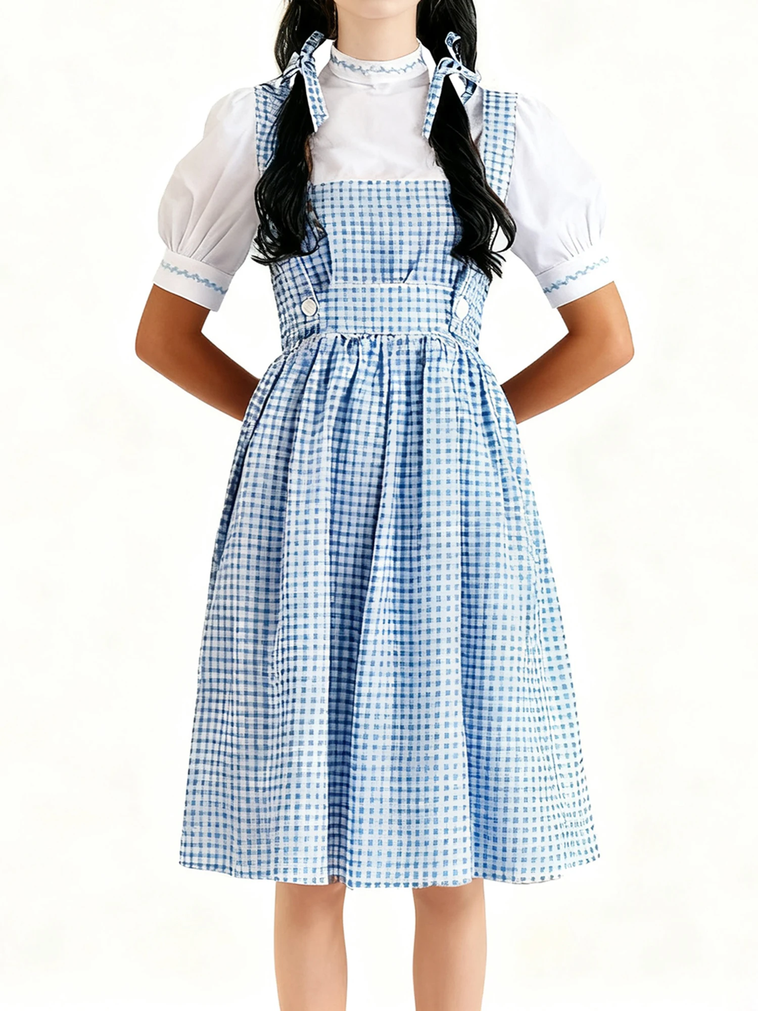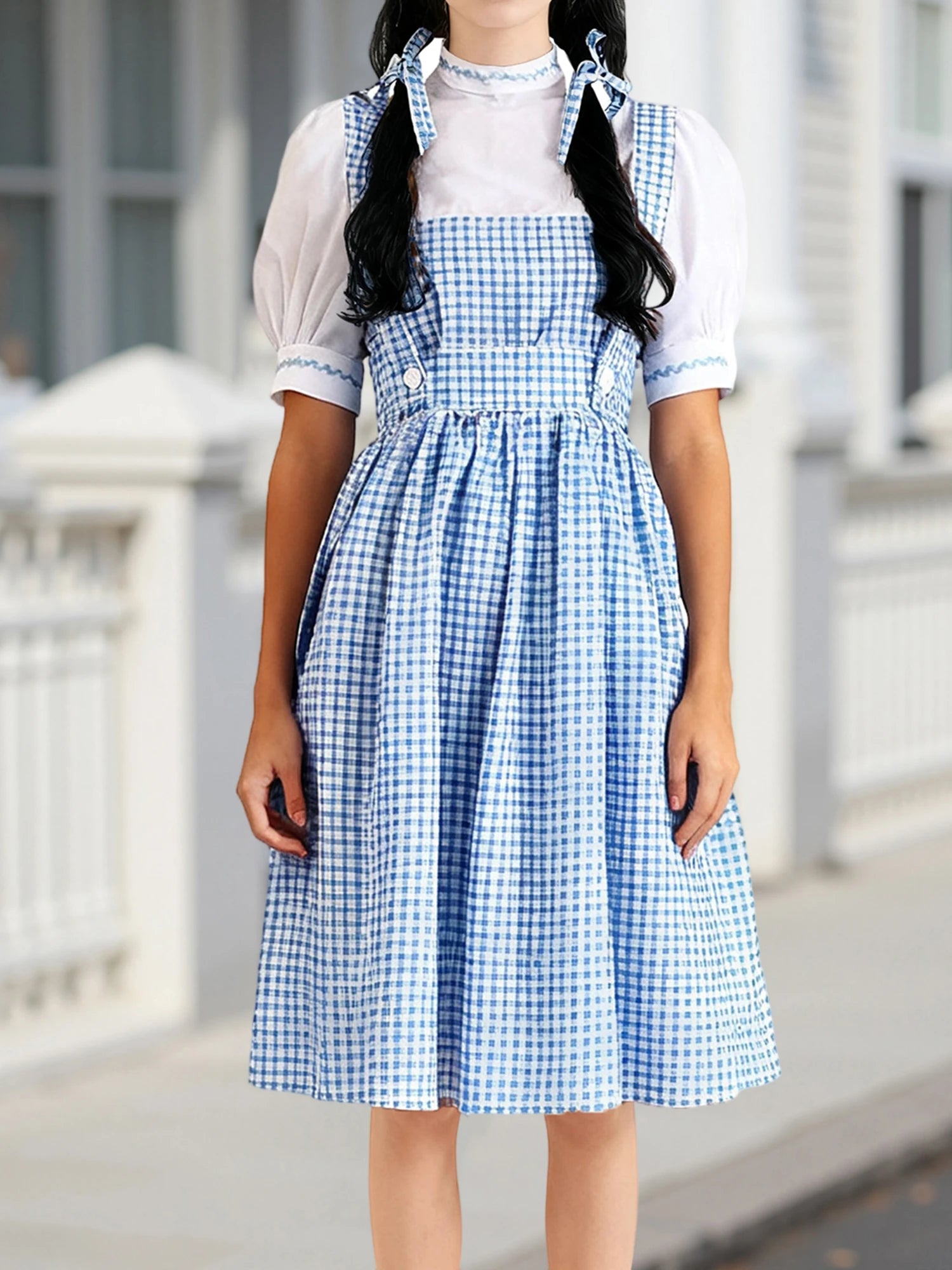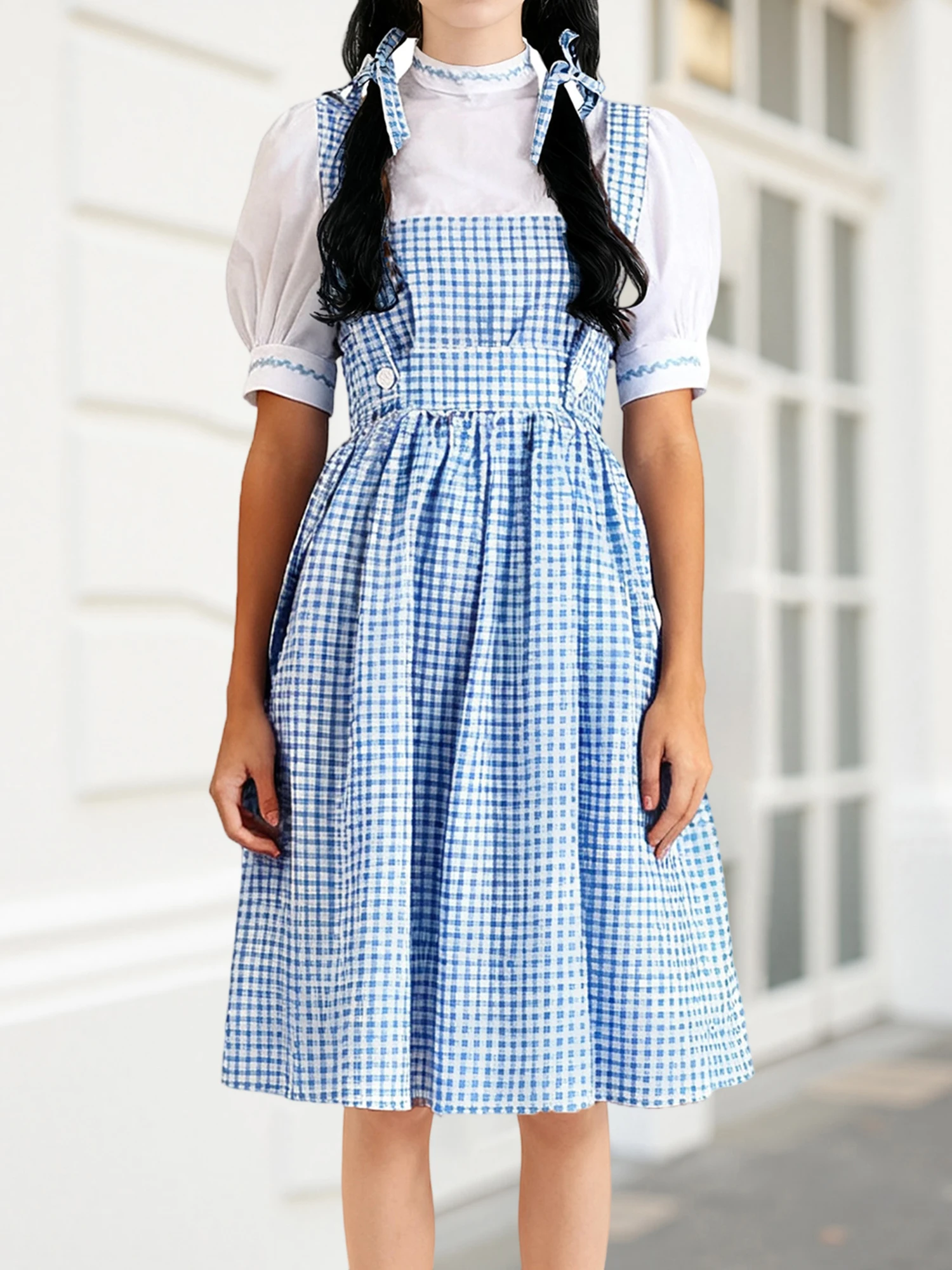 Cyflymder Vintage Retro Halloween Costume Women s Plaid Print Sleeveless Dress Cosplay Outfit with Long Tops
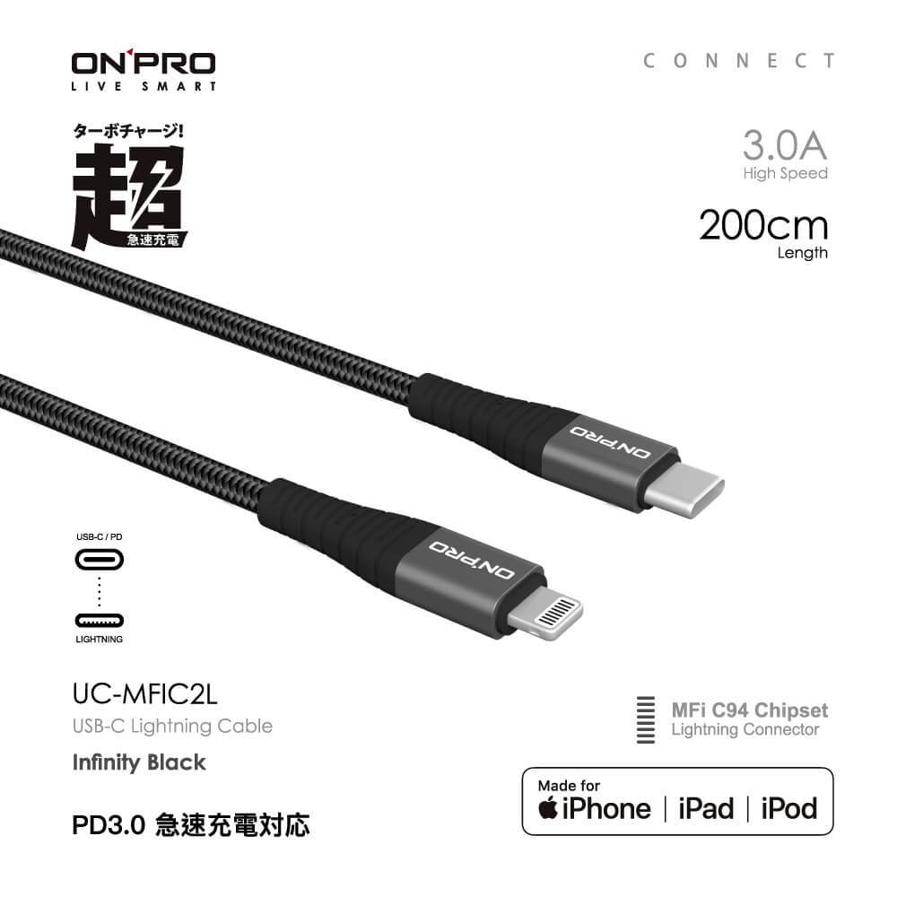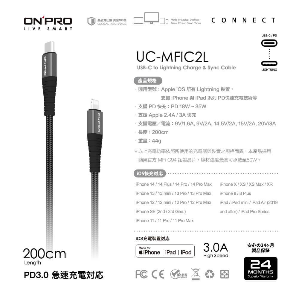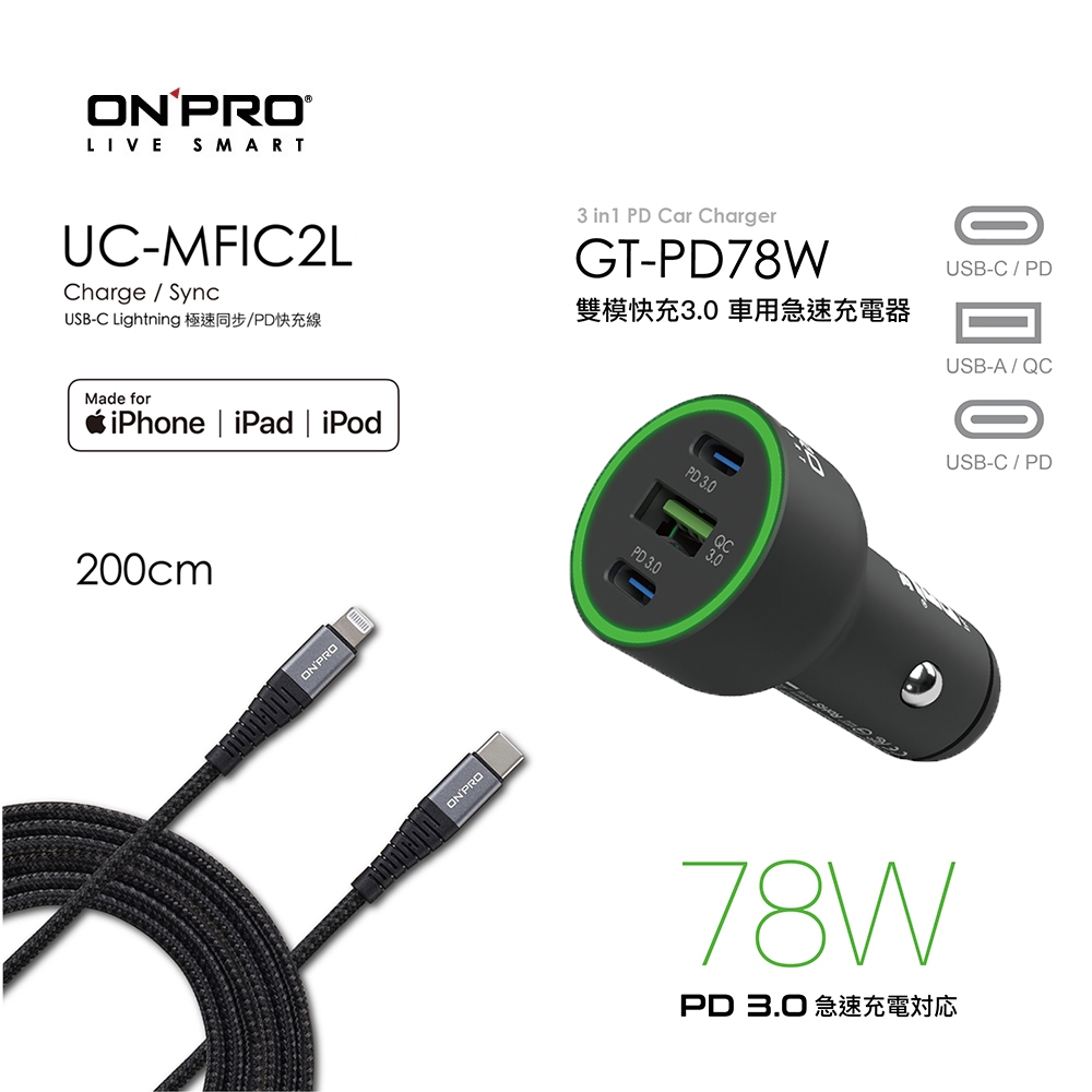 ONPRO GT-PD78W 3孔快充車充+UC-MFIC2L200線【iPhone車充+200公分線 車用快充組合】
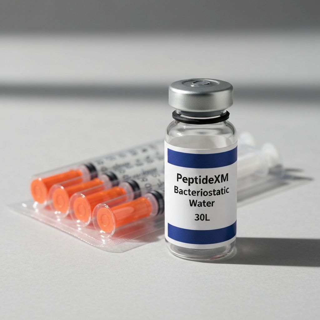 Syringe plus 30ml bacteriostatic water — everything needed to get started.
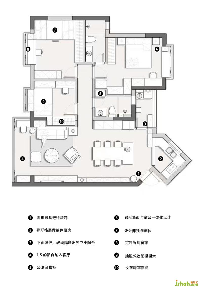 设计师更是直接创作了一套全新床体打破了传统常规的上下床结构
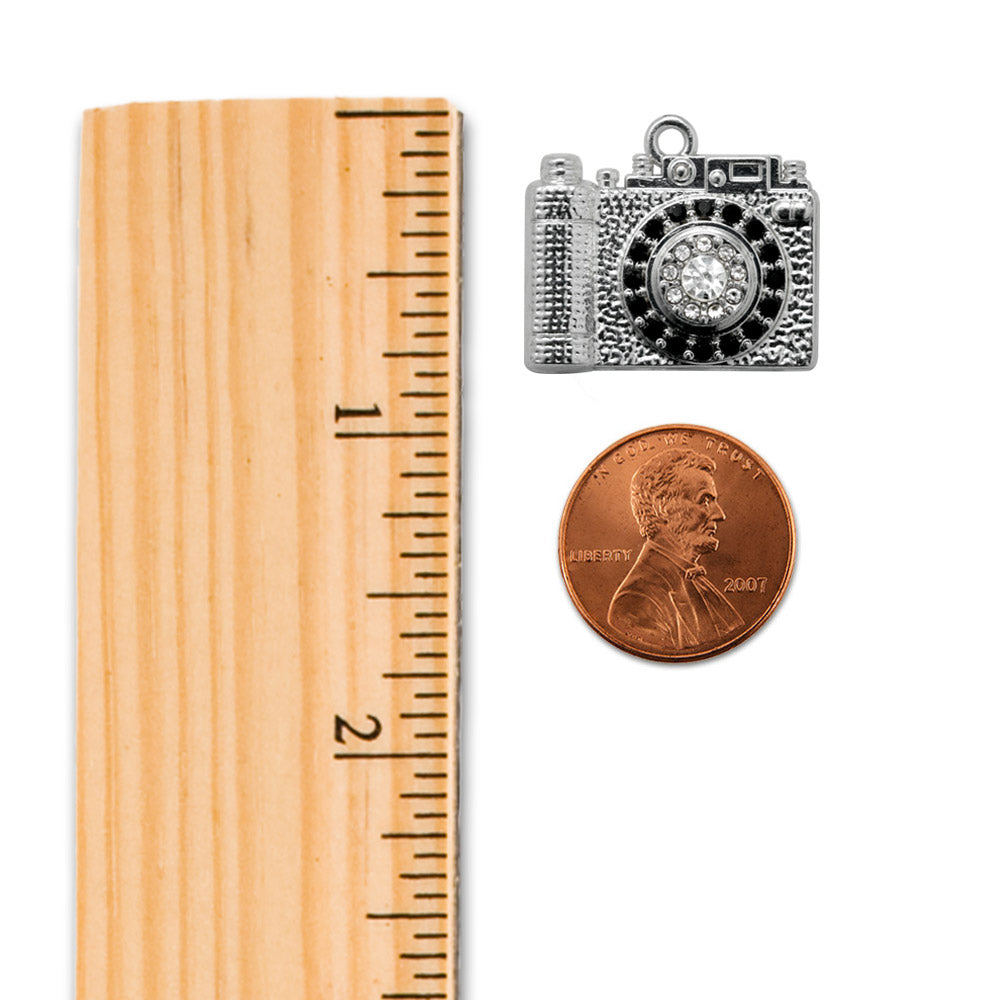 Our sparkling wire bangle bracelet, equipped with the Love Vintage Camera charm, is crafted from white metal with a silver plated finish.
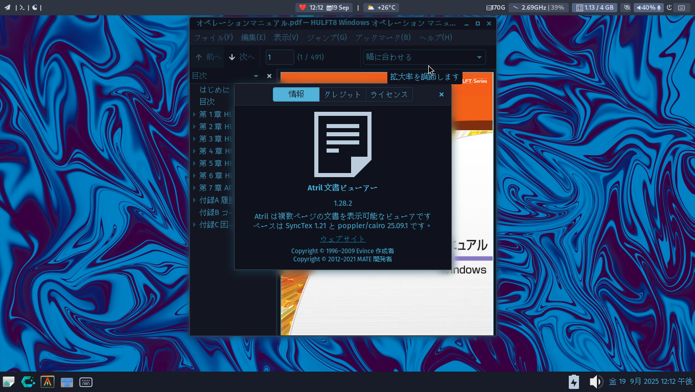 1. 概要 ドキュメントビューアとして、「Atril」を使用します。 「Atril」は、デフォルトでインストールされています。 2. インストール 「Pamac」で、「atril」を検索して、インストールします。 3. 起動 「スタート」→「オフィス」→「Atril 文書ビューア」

== Work instructions ==
Leaving out the pictures, restate the listing above exactly.

== Task result ==
 Cyflymder Vintage Retro Halloween Costume Women s Plaid Print Sleeveless Dress Cosplay Outfit with Long Tops
 ONPRO GT-PD78W 3孔快充車充+UC-MFIC2L200線【iPhone車充+200公分線 車用快充組合】
 Syringe plus 30ml bacteriostatic water — everything needed to get started.
 设计师更是直接创作了一套全新床体打破了传统常规的上下床结构
 Our sparkling wire bangle bracelet, equipped with the Love Vintage Camera charm, is crafted from white metal with a silver plated finish.
 1. 概要 ドキュメントビューアとして、「Atril」を使用します。 「Atril」は、デフォルトでインストールされています。 2. インストール 「Pamac」で、「atril」を検索して、インストールします。 3. 起動 「スタート」→「オフィス」→「Atril 文書ビューア」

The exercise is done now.